_MATERIAL PROVIDED_.
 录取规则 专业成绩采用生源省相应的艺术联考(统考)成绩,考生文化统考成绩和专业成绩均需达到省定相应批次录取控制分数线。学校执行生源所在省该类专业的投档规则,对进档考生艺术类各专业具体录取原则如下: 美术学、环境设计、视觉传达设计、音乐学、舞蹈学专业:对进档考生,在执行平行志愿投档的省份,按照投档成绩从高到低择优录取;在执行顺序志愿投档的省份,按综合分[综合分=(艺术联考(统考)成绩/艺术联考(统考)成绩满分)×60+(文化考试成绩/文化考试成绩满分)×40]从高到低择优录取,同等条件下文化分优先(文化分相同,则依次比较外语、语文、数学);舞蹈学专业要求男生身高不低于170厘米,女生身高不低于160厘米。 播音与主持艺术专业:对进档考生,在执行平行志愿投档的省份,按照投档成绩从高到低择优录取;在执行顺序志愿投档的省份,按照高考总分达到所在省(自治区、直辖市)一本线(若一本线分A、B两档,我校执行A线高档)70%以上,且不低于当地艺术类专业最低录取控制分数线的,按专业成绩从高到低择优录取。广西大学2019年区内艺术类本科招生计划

==

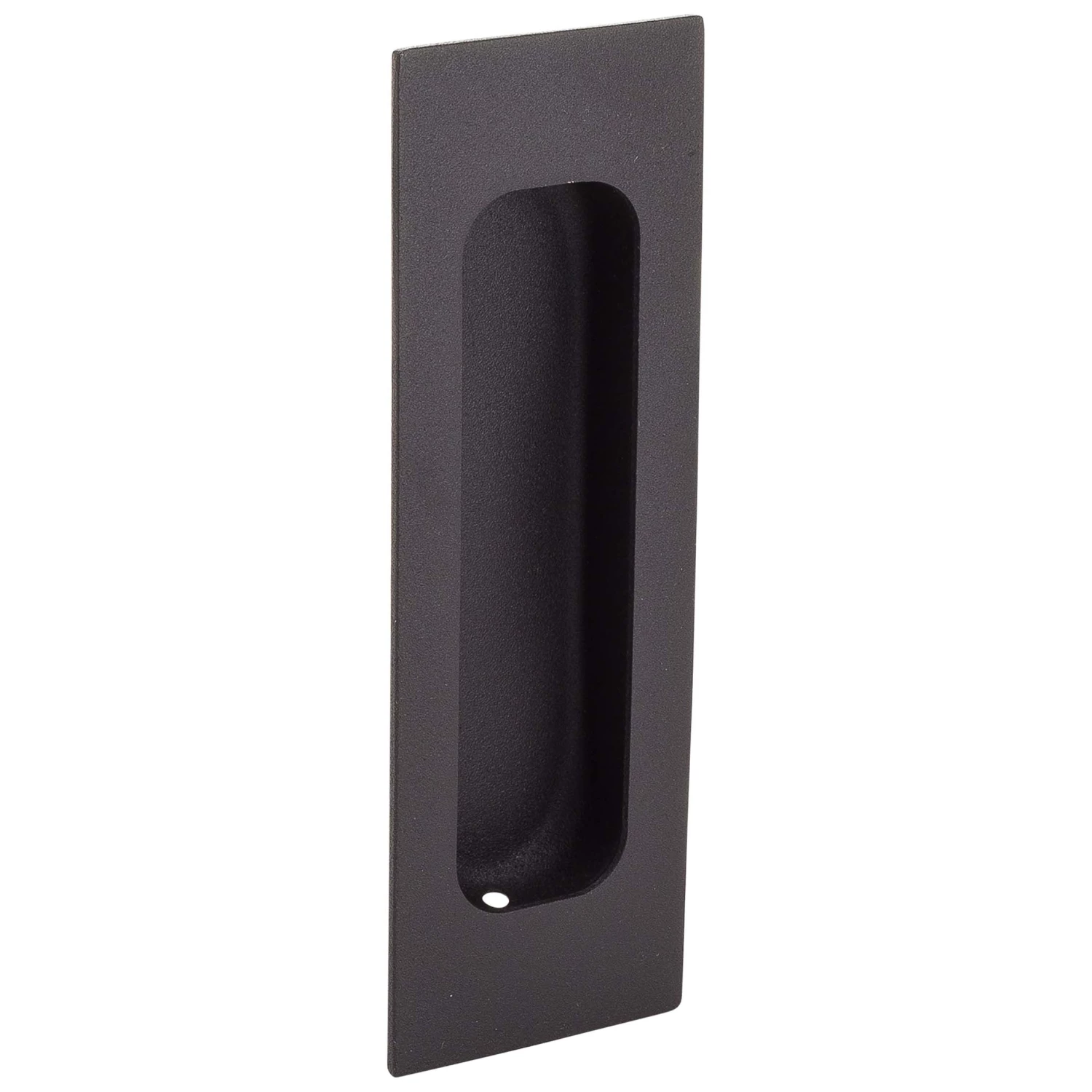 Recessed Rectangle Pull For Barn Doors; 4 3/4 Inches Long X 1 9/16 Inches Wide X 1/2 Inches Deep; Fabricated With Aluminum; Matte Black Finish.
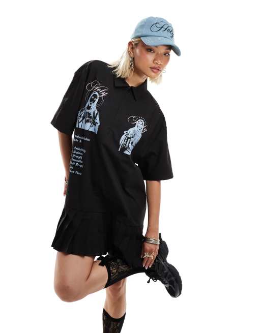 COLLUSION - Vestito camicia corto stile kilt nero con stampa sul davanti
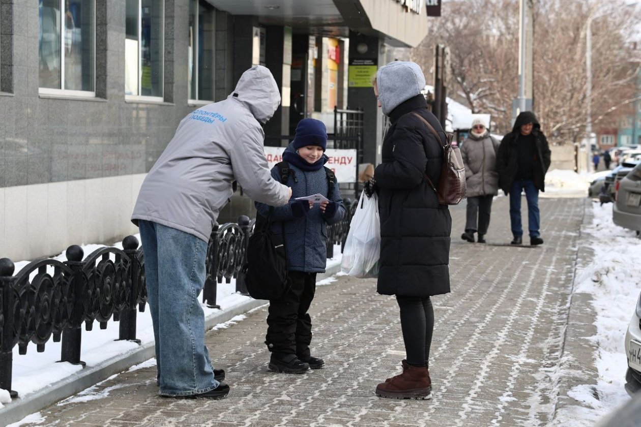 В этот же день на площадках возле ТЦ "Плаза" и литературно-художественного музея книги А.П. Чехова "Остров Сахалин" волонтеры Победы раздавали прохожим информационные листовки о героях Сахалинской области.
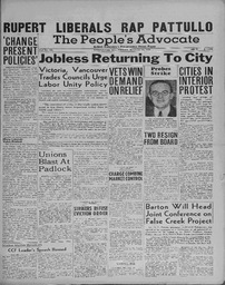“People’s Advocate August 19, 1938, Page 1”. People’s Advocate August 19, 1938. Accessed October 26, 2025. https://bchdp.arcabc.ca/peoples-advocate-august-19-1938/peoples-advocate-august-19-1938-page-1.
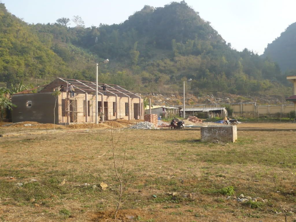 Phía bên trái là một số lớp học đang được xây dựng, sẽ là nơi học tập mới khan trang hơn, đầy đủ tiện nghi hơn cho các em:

--

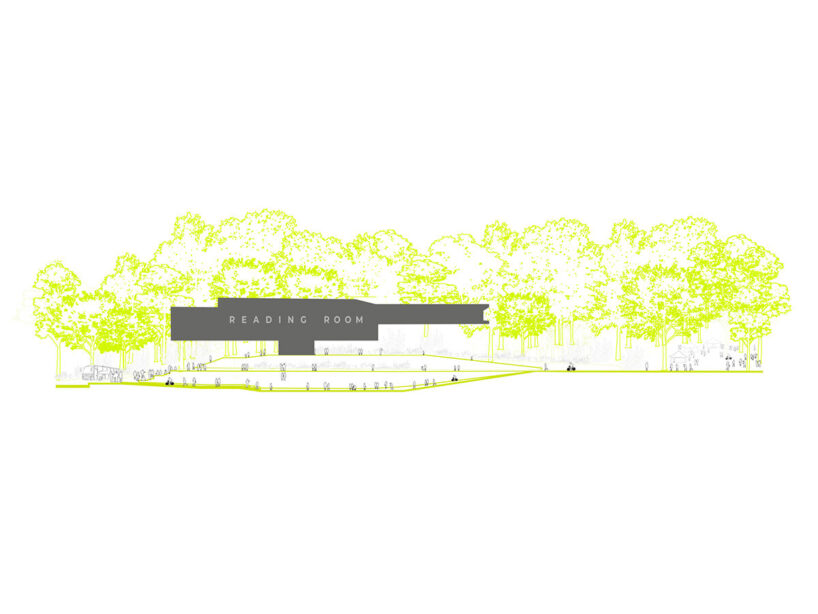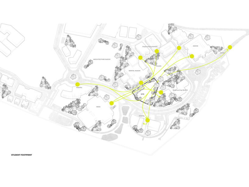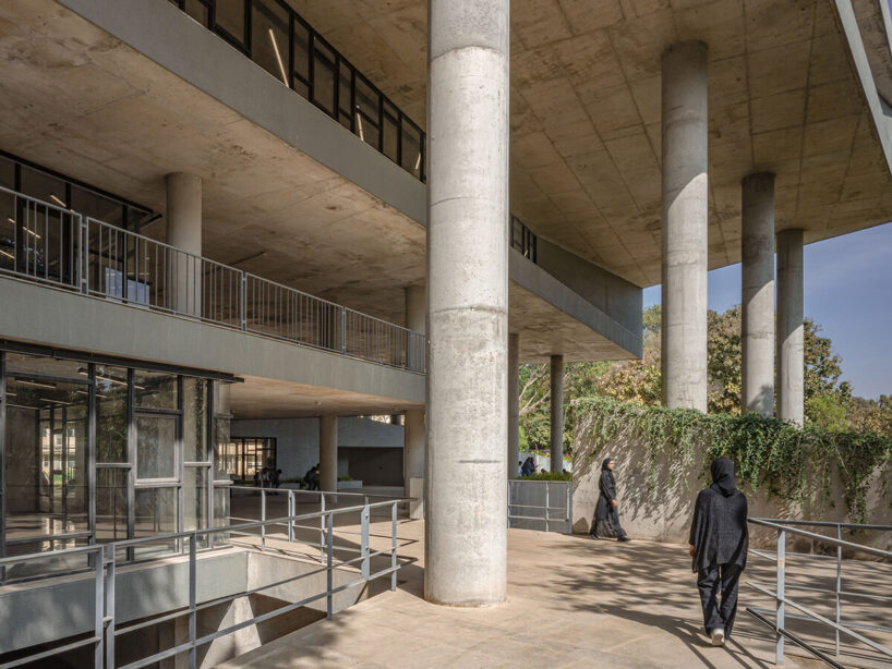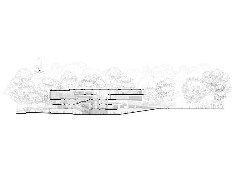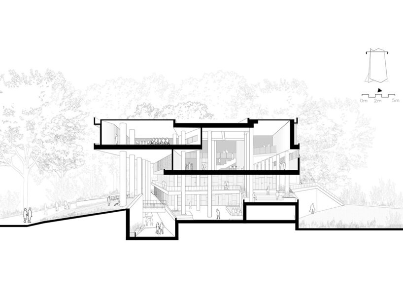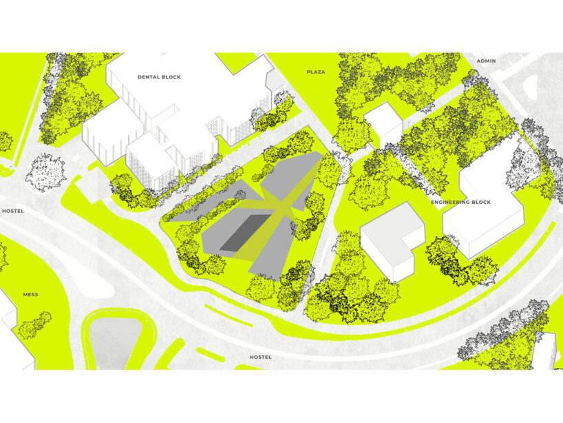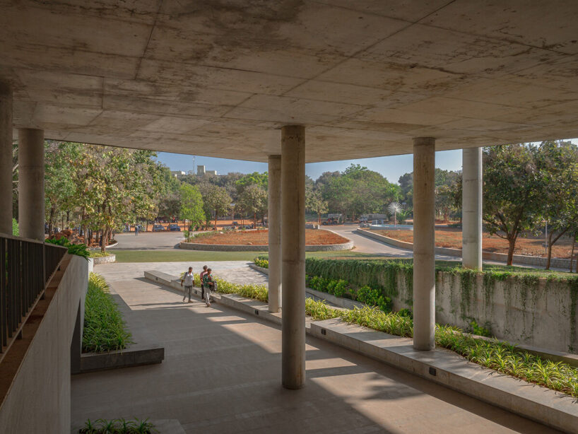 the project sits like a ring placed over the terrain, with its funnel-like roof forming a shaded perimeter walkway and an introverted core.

_WORK ITEM_. Starting at the line containing "COLLUSION - Vestito" and stopping at the line containing "Phía bên trái", output every line above exactly, both ends included, with pictures omitted.

_YOUR RESPONSE_.
 COLLUSION - Vestito camicia corto stile kilt nero con stampa sul davanti
 В этот же день на площадках возле ТЦ "Плаза" и литературно-художественного музея книги А.П. Чехова "Остров Сахалин" волонтеры Победы раздавали прохожим информационные листовки о героях Сахалинской области.
“People’s Advocate August 19, 1938, Page 1”. People’s Advocate August 19, 1938. Accessed October 26, 2025. https://bchdp.arcabc.ca/peoples-advocate-august-19-1938/peoples-advocate-august-19-1938-page-1.
 Phía bên trái là một số lớp học đang được xây dựng, sẽ là nơi học tập mới khan trang hơn, đầy đủ tiện nghi hơn cho các em:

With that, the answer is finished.